La maison écologique
Le développement durable est “un développement
qui répond aux besoins du présent sans compromettre la capacité
des générations futures à répondre aux leurs".
1987 - Mme Gro Harlem Bruntdland, Premier Ministre norvégien.
(source ministère de l'écologie)
La forêt amazonienne brûle et subit l'assaut journalier de la
civilisation destructrice. Nous nous en inquiétons à juste titre.
Le traité de Kyoto n'est pas ratifié par les américains
et nous
crions notre indignation.
L'air est pollué ainsi que l'eau qui devient rare et nous réclamons
plus de lois pour y remédier... La liste pourrait s'allonger.
Mais que faisons nous individuellement pour remédier à ce cercle vicieux de la consommation ?
Combien utilisent le covoiturage pour se déplacer, prennent leur vélo
à la place de leur véhicule lorsque c'est possible, prennent leur
panier pour refuser le sac plastique ?
Les petites rivières faisant les grands fleuves…..
Nous saluons donc avec intérêt l'initiative du Conseil Général
de la Vendée qui a décidé de faire de l'année
2006 une année écologique en Vendée.
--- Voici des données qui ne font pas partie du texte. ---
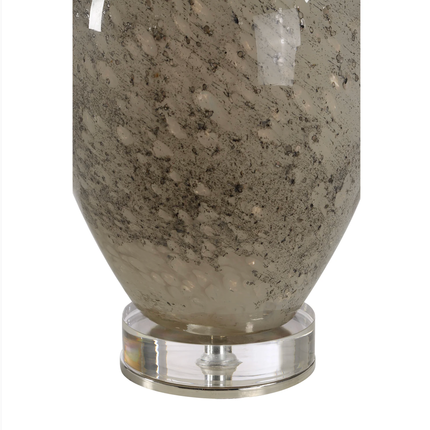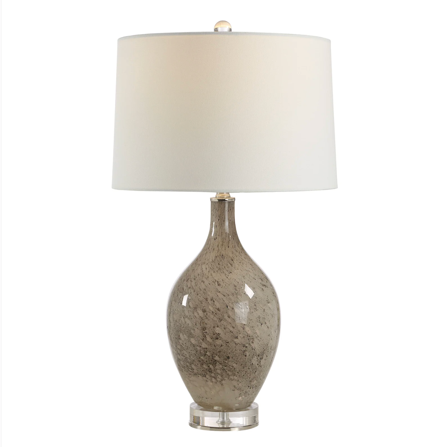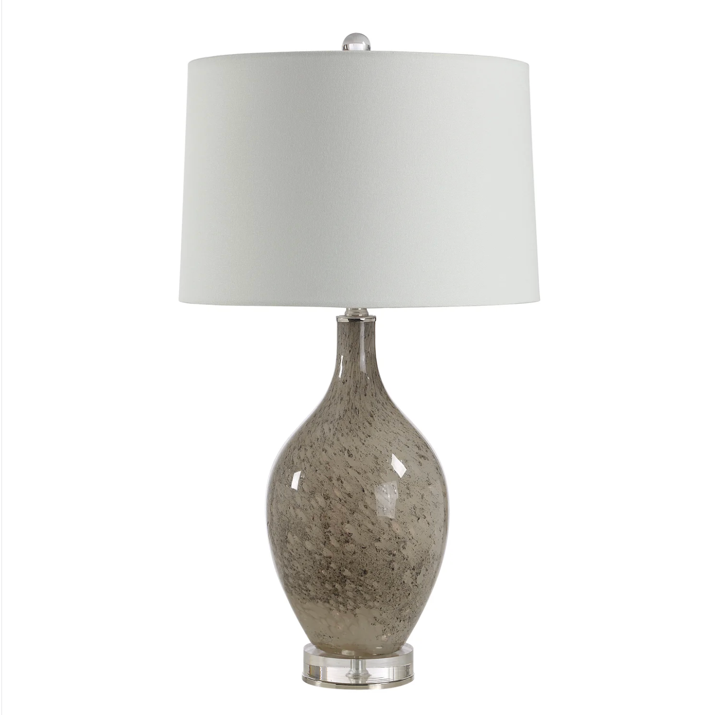 Shiny and curvy, this stylish table lamp will create a striking focal point anywhere it sits. Accented with polished nickel and clear accents, its green glass body holds an off-white drum shade for a soft glow and high-contrast style. One or a pair will update any space with ease.

Le Conseil
Général propose d'aider financièrement les communes et
organismes publics dans leur lutte contre le gaspillage d'énergie. Il
envisage également la construction d'une maison- témoin
écologique pour que chacun puisse s'engager sur cette voie.
Notre canton, qui voit le nombre de constructions exploser depuis une dizaine
d'années, doit suivre cet exemple en adaptant son SCOT( Schéma
de Cohérence Territoriale) à cette nouvelle exigence de réduction
des énergies. Le CPNS y veillera. Dans ce cadre, il nous a paru intéressant
de faire le point sur ces fameuses maisons écologiques en phase avec
la nature et le développement durable.
Qu’est-ce qu’une maison écologique ?
c'est une maison qui prend en compte l'ensemble de ses composantes:
• choix de son implantation : pièces de vie au soleil, ventilation
naturelle (type coloniale)
• choix des matériaux : bois, isolation naturelle (chanvre), vitrage
approprié
• Choix de l'énergie : éolienne à plat, énergie
solaire, pompes à chaleur, solaire thermique ou photovoltaïque,
géothermie, cheminée
• Récupérateur d'eau de pluie, robinets poussoirs, chasses
d'eau à 2 débits
Certes, ces choix peuvent entraîner des surcoûts propres à freiner certaines ardeurs écologiques. L'ADEME (Agence De l’Environnement et de Maîtrise de l’Energie) cite des exemples de prix : appareils destinés à capter les énergies renouvelables : un millier d’euros ; plancher solaire direct : plus de 8.000 euros pour 100 m² d’habitation ; chaudière à énergie bois : jusqu’à 7.600 euros. Le système complet de production d’électricité en photovoltaïque coûtera, lui, 7.500 euros minimum. Un chauffe-eau solaire vaut entre 3.050 et 5.300 euros. Mais, en compensation de ces surcoûts, il existe un certain nombre d'aides financières indirectes comme les crédits d'impôts ou directes : Etat, ADEME, ANAH (Agence Nationale pour l’Amélioration de l’Habitat ) pouvant réduire la note à payer, parfois jusqu'à 95% de l’installation. Et la plupart de ces énergies sont gratuites à l’usage, voire même revendables (électricité) Un retour sur investissement peut donc être espéré sur le moyen et long terme. Une façon de gérer son budget personnel en se mettant au service de la planète.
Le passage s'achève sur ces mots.